There's a reason classical languages are frequently replaced with vernacular languages or koines as cultures age -- literary/liturgical languages eventually tend to diverge so far from the spoken language that unless it's strictly enforced by a governmental authority (China being a prime example), the literary languages cease to be an effective means of communication. An example would be Charlemagne's huffing early in his reign about the "debasement" of Latin in 8th century France -- he was originally quite distraught over it, but by the end of his reign he had thrown in the towel, and the first legal documents in French appeared as two of his sons signed a treaty in vernacular Old French and Old High German in Strasbourg to oppose the third.

Eric:

/'prosesiz/ is not that egregious -- think about it. You've got three sibilants in close proximity. While it's definitely nonstandard, converting the schwa to a front vowel makes perfect sense as a hypercorrection in what, frankly, is a decidedly mushy word.

You've got three sibilants in close proximity

Now you'll probably get another thread started with people complaining that "close proximity" is a tautology.

By Chris Noble (not verified) on 01 Oct 2007 #permalink

me compltesly agree w/ u wen u say wot dos it matre 4 sentence be grammar correctly, for long as yor massage is spoken clearlee. me thing gramar nazi is bad as pincturation facist. u understand me prefectly cleerlee, know?

By Grammar Nazi (not verified) on 01 Oct 2007 #permalink

Dave Munger:

...minor errors, ones which don't impact the overall meaning, and while they might slow the reader down a bit, aren't a big problem.
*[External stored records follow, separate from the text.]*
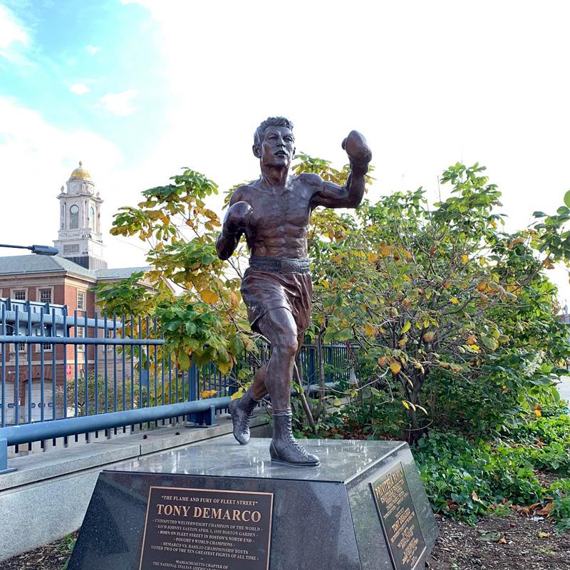 After a long and respected career, DeMarco fought his final bout on February 6, 1962, earning a ten-round decision over Stefan Redl in Boston. Over the years, he continued to be honored in his hometown. He trained under Boston legend Frankie Waters and routinely sold out the Boston Garden, setting attendance records. A local favorite, DeMarco was later honored by Mayor Thomas Menino with “Tony DeMarco Way,” a street named after him in the North End, and a statue at the corner of Hanover and Cross Streets, unveiled on October 20, 2012. The bronze monument, created by renowned sculptor Harry Weber, stands as a lasting tribute to Boston’s “Kid from the North End.”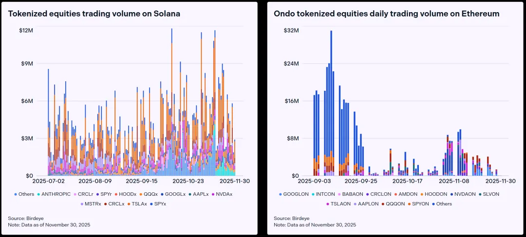 - 代币化股票于 2025 年 8 月和 9 月推出,并获得了显著的市场认可,在以太坊上的市值达到 2.2504 亿美元,在 Solana 上的市值达到 1.9958 亿美元。周末传统股票市场休市时,交易量有所下降,但链上价格发现机制仍在继续。
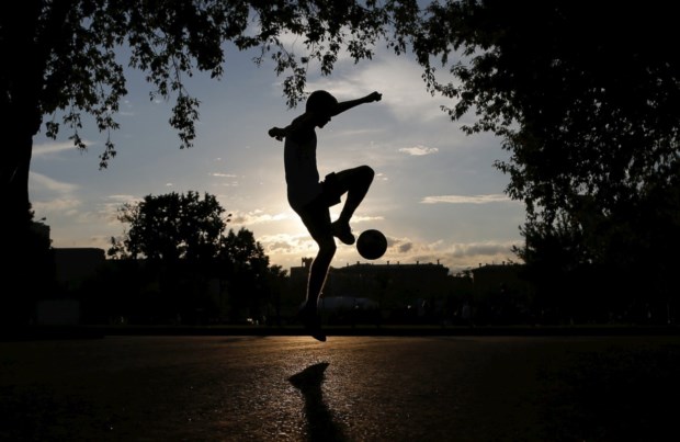 RÚSSIA, 14.08.2013. A jogar à bola enquanto o sol desce sobre o parque Gorky em Moscovo Phil Noble/Reuters

Well, I really disagree with this. With all the stuff I need to read each day, if one item has grammatical errors that slow me down, I resent it. Unless reading it is mandatory, I may just drop it part way through and move on. Life is too short and too busy to allow the rude shortcomings of others to affect me in this manner.

Rude? Yes. If you can't take the time to learn to do it correctly (even to the extent of using a grammar/spell-checker), why should I be happy to "invest" more of my time than ought to be necessary to compensate?

Again, allowances should be made for genuine ESL issues.

By Scott Belyea (not verified) on 02 Oct 2007 #permalink

Sven @15: Just so you know, I privately judge people on the criteria on which they privately judge people.

As a reviewer, I have scored papers low (major revision) and made comments like "The English needs to be improved." This occurs when there are so many grammatical errors that I had trouble understanding. If there are only a few grammatical errors, I will point them out to the authors. Otherwise it is a huge waste of time.

There's nothing wrong with change. Regardless of its history, the word "data" (as it is used in everyday life as well as academic writing) has clearly evolved into a word that can be either plural or singular, like "moose" or "deer. This is natural language change at work.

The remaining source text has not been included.